What you will do:
Reproduce the listing word for word. Skip any image.
○ ○ ○ ○ ○
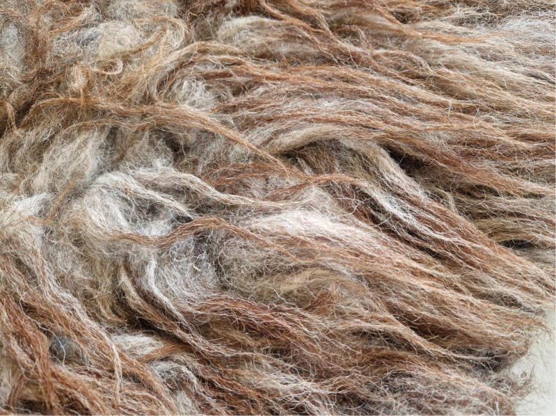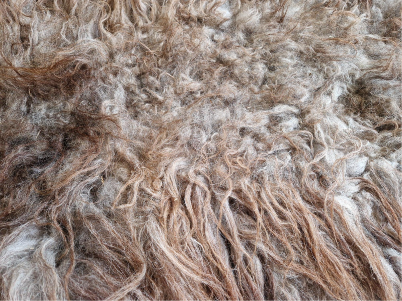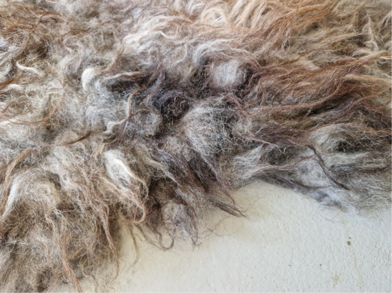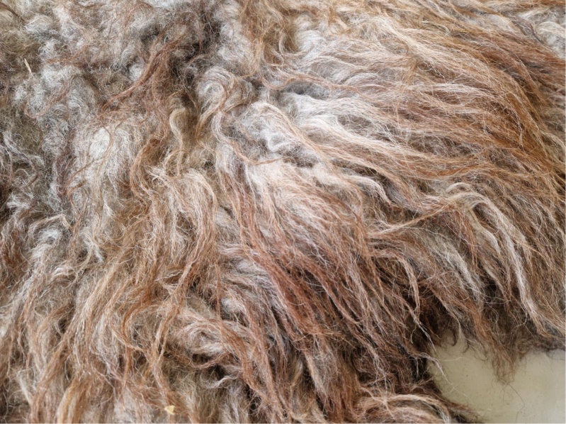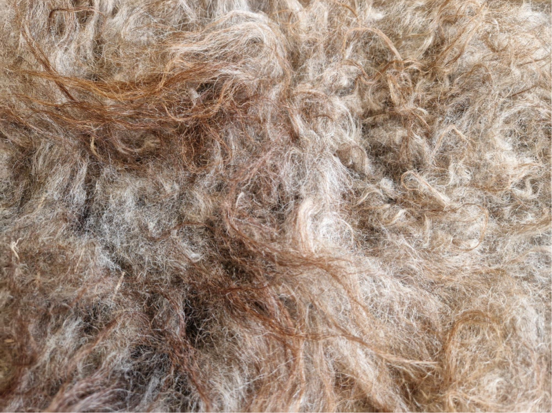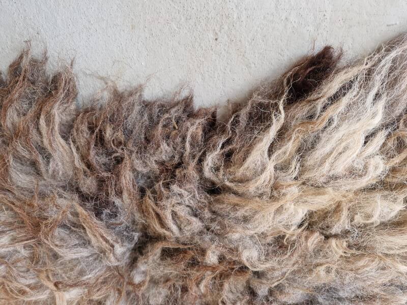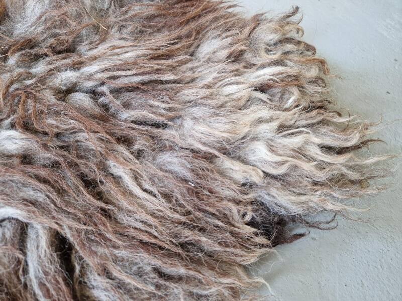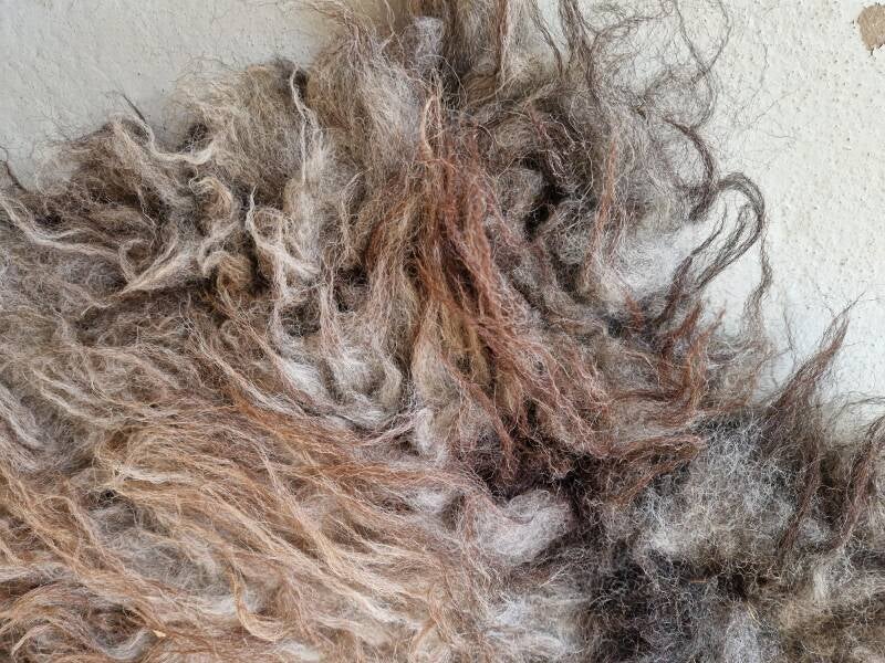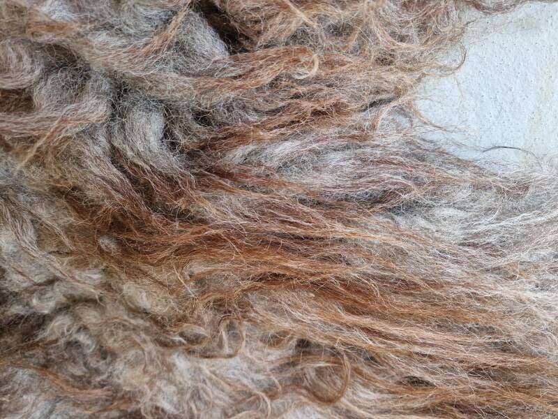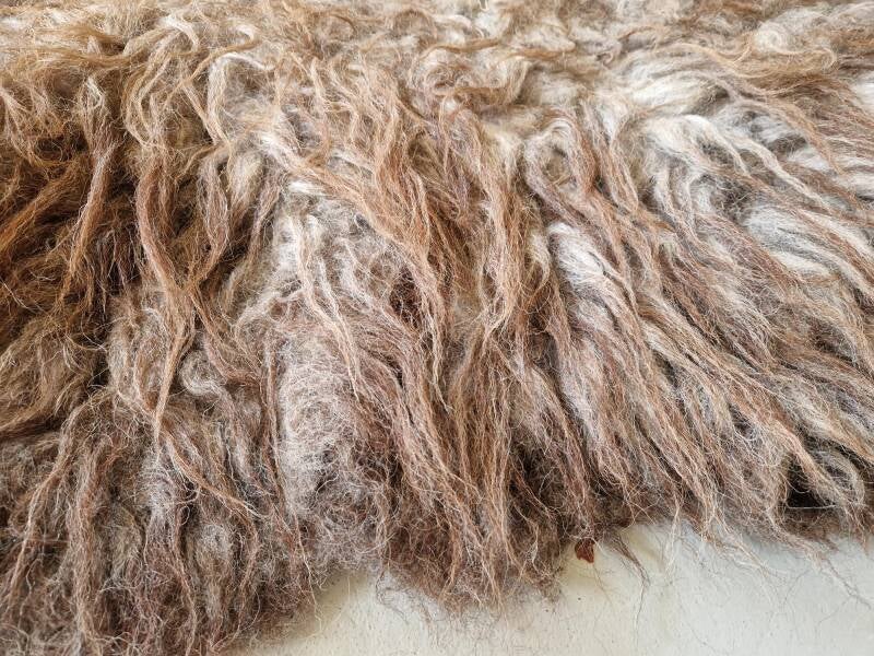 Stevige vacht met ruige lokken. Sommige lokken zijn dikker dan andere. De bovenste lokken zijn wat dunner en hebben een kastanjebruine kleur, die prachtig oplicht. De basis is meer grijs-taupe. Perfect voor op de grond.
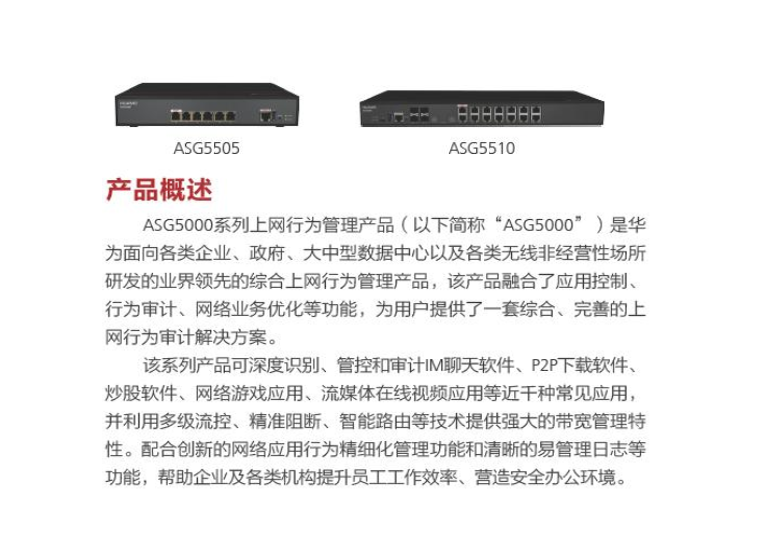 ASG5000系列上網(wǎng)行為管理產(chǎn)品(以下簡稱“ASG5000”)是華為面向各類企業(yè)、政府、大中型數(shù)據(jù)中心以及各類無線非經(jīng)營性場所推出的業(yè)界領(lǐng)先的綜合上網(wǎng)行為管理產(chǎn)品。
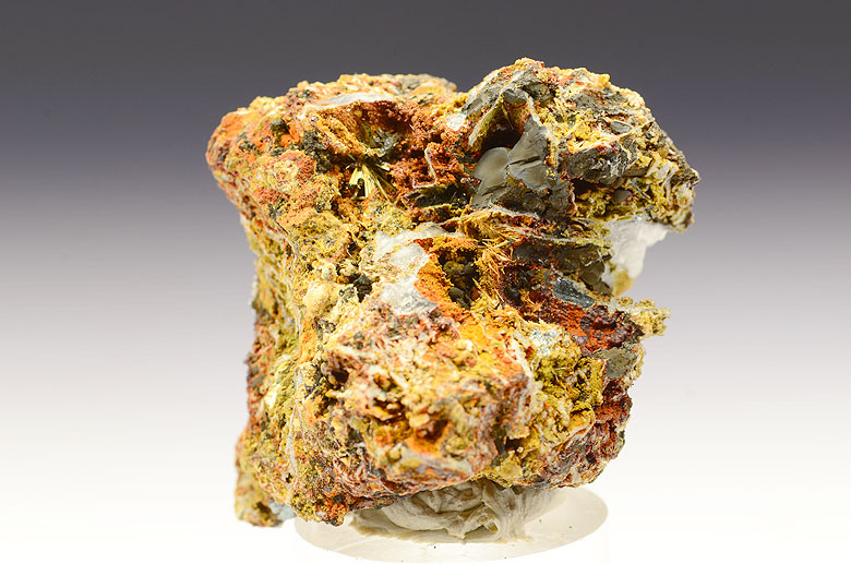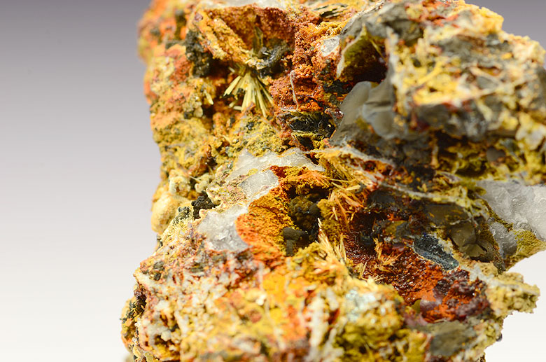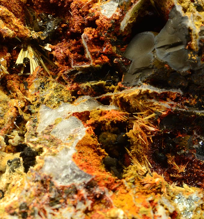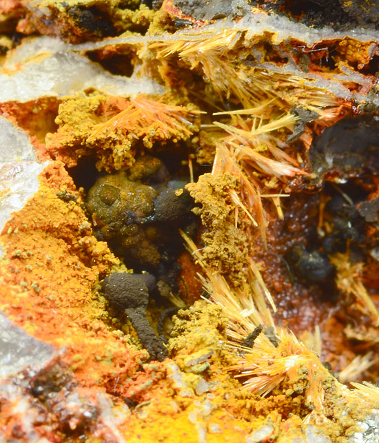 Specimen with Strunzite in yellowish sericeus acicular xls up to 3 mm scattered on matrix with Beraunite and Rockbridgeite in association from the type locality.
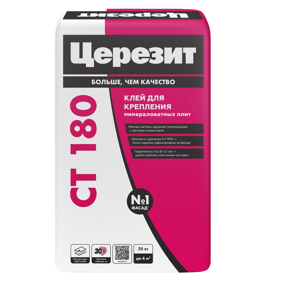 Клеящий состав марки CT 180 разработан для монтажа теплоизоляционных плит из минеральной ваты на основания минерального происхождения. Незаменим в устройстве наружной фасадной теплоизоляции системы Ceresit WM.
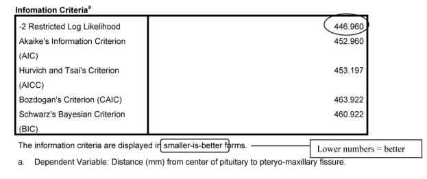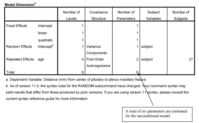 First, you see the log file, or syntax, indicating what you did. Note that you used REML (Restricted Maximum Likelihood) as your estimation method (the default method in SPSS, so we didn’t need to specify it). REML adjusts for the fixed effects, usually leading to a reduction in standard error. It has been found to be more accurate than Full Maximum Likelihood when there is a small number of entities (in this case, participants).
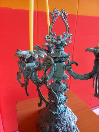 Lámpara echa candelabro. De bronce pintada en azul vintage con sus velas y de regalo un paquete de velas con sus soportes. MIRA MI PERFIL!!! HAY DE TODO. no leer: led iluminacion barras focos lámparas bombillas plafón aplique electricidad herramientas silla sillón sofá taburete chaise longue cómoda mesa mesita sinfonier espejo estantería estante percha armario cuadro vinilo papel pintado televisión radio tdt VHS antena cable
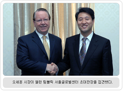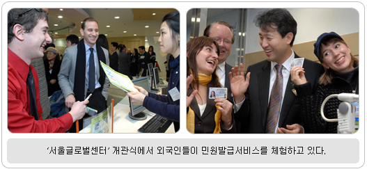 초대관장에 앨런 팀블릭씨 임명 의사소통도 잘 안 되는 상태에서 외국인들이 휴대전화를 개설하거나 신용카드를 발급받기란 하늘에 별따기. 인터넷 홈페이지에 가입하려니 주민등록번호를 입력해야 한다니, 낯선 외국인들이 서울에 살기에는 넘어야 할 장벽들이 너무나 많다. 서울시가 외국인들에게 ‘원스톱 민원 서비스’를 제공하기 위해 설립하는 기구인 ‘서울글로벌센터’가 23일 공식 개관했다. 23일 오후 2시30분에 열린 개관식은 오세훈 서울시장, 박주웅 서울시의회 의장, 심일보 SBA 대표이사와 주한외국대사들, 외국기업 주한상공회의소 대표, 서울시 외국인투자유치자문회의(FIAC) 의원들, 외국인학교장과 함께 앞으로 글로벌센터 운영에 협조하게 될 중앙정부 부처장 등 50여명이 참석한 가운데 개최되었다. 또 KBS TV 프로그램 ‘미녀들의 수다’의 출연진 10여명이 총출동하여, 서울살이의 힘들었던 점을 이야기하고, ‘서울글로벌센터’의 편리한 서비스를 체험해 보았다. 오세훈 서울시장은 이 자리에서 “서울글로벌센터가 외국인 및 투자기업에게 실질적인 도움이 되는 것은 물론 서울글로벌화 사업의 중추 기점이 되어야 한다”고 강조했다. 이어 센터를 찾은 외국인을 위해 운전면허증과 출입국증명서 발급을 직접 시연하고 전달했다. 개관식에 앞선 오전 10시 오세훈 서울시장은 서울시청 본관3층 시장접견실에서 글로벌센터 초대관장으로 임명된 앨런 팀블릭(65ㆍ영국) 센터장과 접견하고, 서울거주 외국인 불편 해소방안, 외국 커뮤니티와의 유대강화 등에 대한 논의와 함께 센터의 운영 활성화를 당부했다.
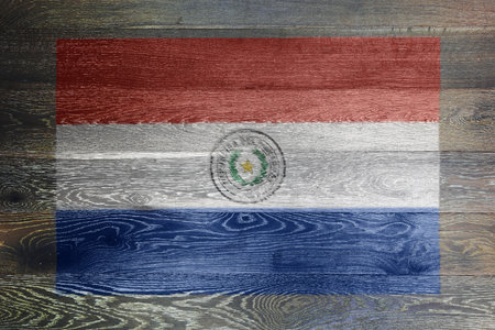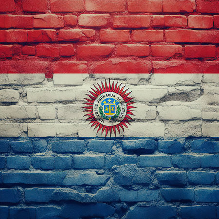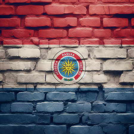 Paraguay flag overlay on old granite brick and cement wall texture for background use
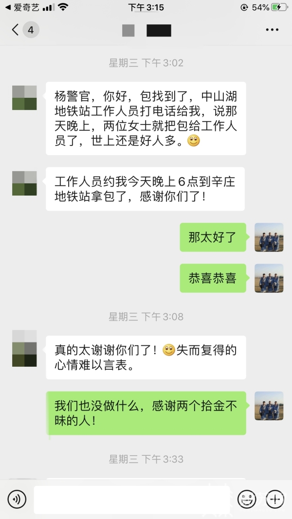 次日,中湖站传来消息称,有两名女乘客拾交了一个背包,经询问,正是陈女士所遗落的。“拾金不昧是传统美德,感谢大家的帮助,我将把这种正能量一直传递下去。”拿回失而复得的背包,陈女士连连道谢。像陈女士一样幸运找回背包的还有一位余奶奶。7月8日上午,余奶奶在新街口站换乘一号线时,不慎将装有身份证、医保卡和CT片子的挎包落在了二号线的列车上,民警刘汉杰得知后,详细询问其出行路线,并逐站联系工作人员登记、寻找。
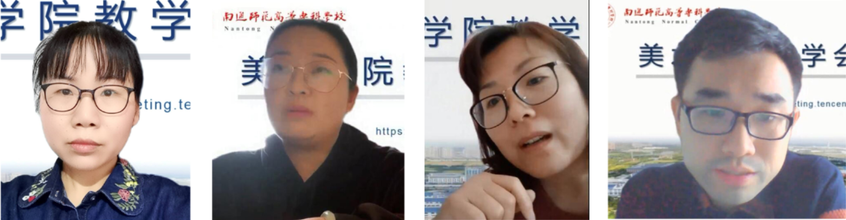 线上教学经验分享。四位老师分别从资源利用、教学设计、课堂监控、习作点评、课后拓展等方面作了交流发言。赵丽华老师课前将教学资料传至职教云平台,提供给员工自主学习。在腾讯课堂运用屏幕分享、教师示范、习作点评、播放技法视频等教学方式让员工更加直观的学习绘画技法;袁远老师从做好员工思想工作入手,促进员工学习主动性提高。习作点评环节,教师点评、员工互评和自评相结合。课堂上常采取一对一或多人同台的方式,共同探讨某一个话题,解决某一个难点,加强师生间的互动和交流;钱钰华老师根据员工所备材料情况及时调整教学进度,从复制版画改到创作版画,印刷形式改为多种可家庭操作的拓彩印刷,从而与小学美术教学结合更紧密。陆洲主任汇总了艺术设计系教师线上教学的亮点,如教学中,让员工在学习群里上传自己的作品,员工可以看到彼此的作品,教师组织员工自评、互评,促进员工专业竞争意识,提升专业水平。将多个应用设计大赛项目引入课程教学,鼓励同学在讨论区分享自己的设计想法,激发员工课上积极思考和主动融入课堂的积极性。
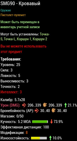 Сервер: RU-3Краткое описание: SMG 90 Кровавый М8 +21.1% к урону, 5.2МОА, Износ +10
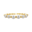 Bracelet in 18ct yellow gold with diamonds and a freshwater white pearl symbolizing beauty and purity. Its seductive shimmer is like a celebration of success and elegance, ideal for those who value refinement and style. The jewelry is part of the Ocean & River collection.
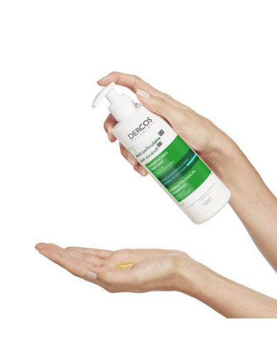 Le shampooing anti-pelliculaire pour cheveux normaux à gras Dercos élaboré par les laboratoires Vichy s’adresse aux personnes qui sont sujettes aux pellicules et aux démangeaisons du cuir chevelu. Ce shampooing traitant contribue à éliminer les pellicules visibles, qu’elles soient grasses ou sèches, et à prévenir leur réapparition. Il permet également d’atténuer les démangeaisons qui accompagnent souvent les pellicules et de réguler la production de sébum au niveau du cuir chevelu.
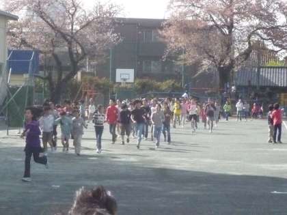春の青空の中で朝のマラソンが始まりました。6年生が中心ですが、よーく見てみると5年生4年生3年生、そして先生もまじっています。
○ ○ ○ ○ ○
Output for this exercise:
 Stevige vacht met ruige lokken. Sommige lokken zijn dikker dan andere. De bovenste lokken zijn wat dunner en hebben een kastanjebruine kleur, die prachtig oplicht. De basis is meer grijs-taupe. Perfect voor op de grond.
 ASG5000系列上網(wǎng)行為管理產(chǎn)品(以下簡稱“ASG5000”)是華為面向各類企業(yè)、政府、大中型數(shù)據(jù)中心以及各類無線非經(jīng)營性場所推出的業(yè)界領(lǐng)先的綜合上網(wǎng)行為管理產(chǎn)品。
 Specimen with Strunzite in yellowish sericeus acicular xls up to 3 mm scattered on matrix with Beraunite and Rockbridgeite in association from the type locality.
 Клеящий состав марки CT 180 разработан для монтажа теплоизоляционных плит из минеральной ваты на основания минерального происхождения. Незаменим в устройстве наружной фасадной теплоизоляции системы Ceresit WM.
 First, you see the log file, or syntax, indicating what you did. Note that you used REML (Restricted Maximum Likelihood) as your estimation method (the default method in SPSS, so we didn’t need to specify it). REML adjusts for the fixed effects, usually leading to a reduction in standard error. It has been found to be more accurate than Full Maximum Likelihood when there is a small number of entities (in this case, participants).
 Lámpara echa candelabro. De bronce pintada en azul vintage con sus velas y de regalo un paquete de velas con sus soportes. MIRA MI PERFIL!!! HAY DE TODO. no leer: led iluminacion barras focos lámparas bombillas plafón aplique electricidad herramientas silla sillón sofá taburete chaise longue cómoda mesa mesita sinfonier espejo estantería estante percha armario cuadro vinilo papel pintado televisión radio tdt VHS antena cable
 초대관장에 앨런 팀블릭씨 임명 의사소통도 잘 안 되는 상태에서 외국인들이 휴대전화를 개설하거나 신용카드를 발급받기란 하늘에 별따기. 인터넷 홈페이지에 가입하려니 주민등록번호를 입력해야 한다니, 낯선 외국인들이 서울에 살기에는 넘어야 할 장벽들이 너무나 많다. 서울시가 외국인들에게 ‘원스톱 민원 서비스’를 제공하기 위해 설립하는 기구인 ‘서울글로벌센터’가 23일 공식 개관했다. 23일 오후 2시30분에 열린 개관식은 오세훈 서울시장, 박주웅 서울시의회 의장, 심일보 SBA 대표이사와 주한외국대사들, 외국기업 주한상공회의소 대표, 서울시 외국인투자유치자문회의(FIAC) 의원들, 외국인학교장과 함께 앞으로 글로벌센터 운영에 협조하게 될 중앙정부 부처장 등 50여명이 참석한 가운데 개최되었다. 또 KBS TV 프로그램 ‘미녀들의 수다’의 출연진 10여명이 총출동하여, 서울살이의 힘들었던 점을 이야기하고, ‘서울글로벌센터’의 편리한 서비스를 체험해 보았다. 오세훈 서울시장은 이 자리에서 “서울글로벌센터가 외국인 및 투자기업에게 실질적인 도움이 되는 것은 물론 서울글로벌화 사업의 중추 기점이 되어야 한다”고 강조했다. 이어 센터를 찾은 외국인을 위해 운전면허증과 출입국증명서 발급을 직접 시연하고 전달했다. 개관식에 앞선 오전 10시 오세훈 서울시장은 서울시청 본관3층 시장접견실에서 글로벌센터 초대관장으로 임명된 앨런 팀블릭(65ㆍ영국) 센터장과 접견하고, 서울거주 외국인 불편 해소방안, 외국 커뮤니티와의 유대강화 등에 대한 논의와 함께 센터의 운영 활성화를 당부했다.
 Paraguay flag overlay on old granite brick and cement wall texture for background use
 次日,中湖站传来消息称,有两名女乘客拾交了一个背包,经询问,正是陈女士所遗落的。“拾金不昧是传统美德,感谢大家的帮助,我将把这种正能量一直传递下去。”拿回失而复得的背包,陈女士连连道谢。像陈女士一样幸运找回背包的还有一位余奶奶。7月8日上午,余奶奶在新街口站换乘一号线时,不慎将装有身份证、医保卡和CT片子的挎包落在了二号线的列车上,民警刘汉杰得知后,详细询问其出行路线,并逐站联系工作人员登记、寻找。
 线上教学经验分享。四位老师分别从资源利用、教学设计、课堂监控、习作点评、课后拓展等方面作了交流发言。赵丽华老师课前将教学资料传至职教云平台,提供给员工自主学习。在腾讯课堂运用屏幕分享、教师示范、习作点评、播放技法视频等教学方式让员工更加直观的学习绘画技法;袁远老师从做好员工思想工作入手,促进员工学习主动性提高。习作点评环节,教师点评、员工互评和自评相结合。课堂上常采取一对一或多人同台的方式,共同探讨某一个话题,解决某一个难点,加强师生间的互动和交流;钱钰华老师根据员工所备材料情况及时调整教学进度,从复制版画改到创作版画,印刷形式改为多种可家庭操作的拓彩印刷,从而与小学美术教学结合更紧密。陆洲主任汇总了艺术设计系教师线上教学的亮点,如教学中,让员工在学习群里上传自己的作品,员工可以看到彼此的作品,教师组织员工自评、互评,促进员工专业竞争意识,提升专业水平。将多个应用设计大赛项目引入课程教学,鼓励同学在讨论区分享自己的设计想法,激发员工课上积极思考和主动融入课堂的积极性。
 Сервер: RU-3Краткое описание: SMG 90 Кровавый М8 +21.1% к урону, 5.2МОА, Износ +10
 Bracelet in 18ct yellow gold with diamonds and a freshwater white pearl symbolizing beauty and purity. Its seductive shimmer is like a celebration of success and elegance, ideal for those who value refinement and style. The jewelry is part of the Ocean & River collection.
 Le shampooing anti-pelliculaire pour cheveux normaux à gras Dercos élaboré par les laboratoires Vichy s’adresse aux personnes qui sont sujettes aux pellicules et aux démangeaisons du cuir chevelu. Ce shampooing traitant contribue à éliminer les pellicules visibles, qu’elles soient grasses ou sèches, et à prévenir leur réapparition. Il permet également d’atténuer les démangeaisons qui accompagnent souvent les pellicules et de réguler la production de sébum au niveau du cuir chevelu.
春の青空の中で朝のマラソンが始まりました。6年生が中心ですが、よーく見てみると5年生4年生3年生、そして先生もまじっています。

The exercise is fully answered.